January 30, 2017
By Nikia Clarke, executive director of WTC San Diego and Peter Cowhey, interim executive vice chancellor for Academic Affairs at UC San Diego
During his first week in office President Trump made many bold moves, including an executive order to withdraw from the Trans-Pacific Partnership (TPP)
, a call to renegotiate NAFTA, and a threat to impose a 20 percent border tax on Mexican imports to the United States following a very public spat with Mexican President Enrique Peña Nieto.
Trade matters for economies, big and small. For a border city on the edge of the Pacific, decisions on trade policy in Washington have outsized impacts on jobs, growth and opportunities for San Diegans.
Take TPP — an international trade deal originally negotiated between the U.S. and 11 other countries, covering 40 percent of global GDP.
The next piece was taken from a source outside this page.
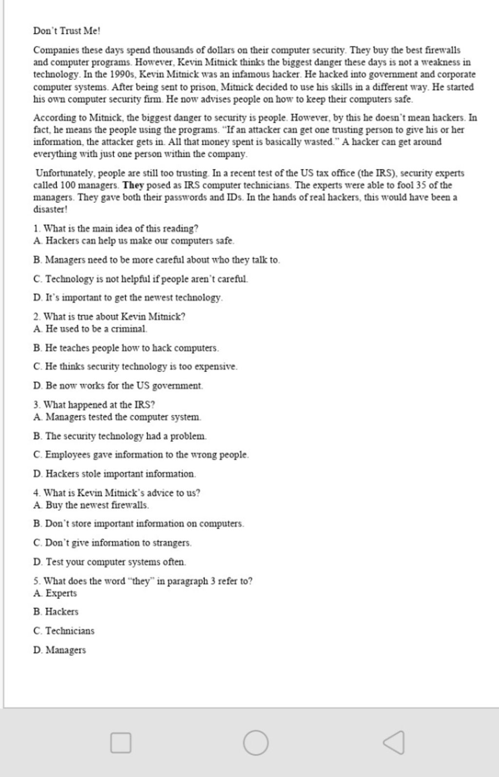 4. C (không đưa thông tin cho người lạ, đoạn 2, 3 là ví dụ)

Right now, the status quo makes it more expensive for U.S. companies to export to other countries than it is for foreign companies to sell goods and services here. TPP sought to level the playing field, especially for the small and midsize companies that make up more than 95 percent of San Diego’s business ecosystem.
It also was the first trade deal to write the rule book for the economy of the future. It protected the intellectual property of American innovators, which matters when you live in the third most patent-intensive region in the world.
Scientific research and development, the heartbeat of our world-renowned life sciences ecosystem and an industry dependent on patents, is five times more concentrated here than in the U.S. as a whole.
TPP eased restrictions on the movement of data and services across borders, which is important when you have a globally competitive cybersecurity cluster and revolutionary big data and genomics industries.
In San Diego, innovation is our livelihood, and TPP would have been a game changer for all those San Diego companies that export their knowledge across the globe. Killing TPP effectively cedes leadership on trade rules and norms to China, an outcome that is unlikely to be advantageous for U.S. companies and consumers.
And don’t forget that 97 percent of our goods exports — primarily high-value manufactured goods worth over $22 billion — are already sold in TPP markets, employing over 120,000 San Diegans. Most of those goods are exported to Mexico, sometimes crossing the border several times before they are fully assembled. This means that 40 percent of the content of imports from Mexico — the ones subject to a potential 20 percent tax — is American-made.
As we pivot from what could have been with TPP and look to NAFTA renegotiation, to building a wall, to a looming trade conflict with China, we should remember that trade has always been an American reality.
Here in San Diego, we marvel at the transformation over the past 50 years from a sleepy Navy town to a global city that develops life-changing technologies. We didn’t get here by building walls, and we won’t get ahead that way either.
For more more on TPP and San Diego, see WTCSD's economic impact report.
August 5, 2016
This week, U.S. Secretary of Commerce Penny Pritzker and Qualcomm CEO Steve Mollenkopf joined a panel of local business leaders from Solar Turbines, Solatube and Northrop Grumman to unveil UC San Diego School of Global Policy and Strategy’s new study on the importance of the Trans-Pacific Partnership (TPP) to the nation and San Diego. The summary, “San Diego and the Trans-Pacific Partnership,” produced by World Trade Center San Diego, explains how San Diego’s unique economic assets position the region to realize relatively greater benefits from TPP than the U.S. as a whole.
TPP, an international trade deal negotiated by the Obama administration and 11 other Pacific Rim countries, seeks to lower trade barriers for exporters and increase intellectual property protections for multinational companies.
San Diego’s prime location on the edge of the Pacific Rim, as well its specialization in advanced manufacturing and other key industries tied to the innovation economy – including scientific R&D, engineering, software and cybersecurity – position the region to benefit disproportionately from TPP.
Key findings include:
When compared to other TPP member countries, the U.S. has one of the least restrictive markets – it is easier for foreign markets to export to the U.S. than it is for U.S. companies to send their products abroad.
More than 97 percent of San Diego’s exports – primarily high-value advanced manufacturing products – are sold in TPP markets and are collectively worth $22 billion.
Enhanced IP protections would benefit San Diego’s innovation economy; San Diego is the third most patent intensive region in the world and five times more specialized in scientific R&D than the nation as a whole.
Increased export growth could produce real rising wages for 150,000 high-wage jobs in the region’s manufacturing and innovation sectors.
San Diego’s service-providing sector – generally non-traded industries accounting for 87 percent of total employment – is largely insulated from foreign competition.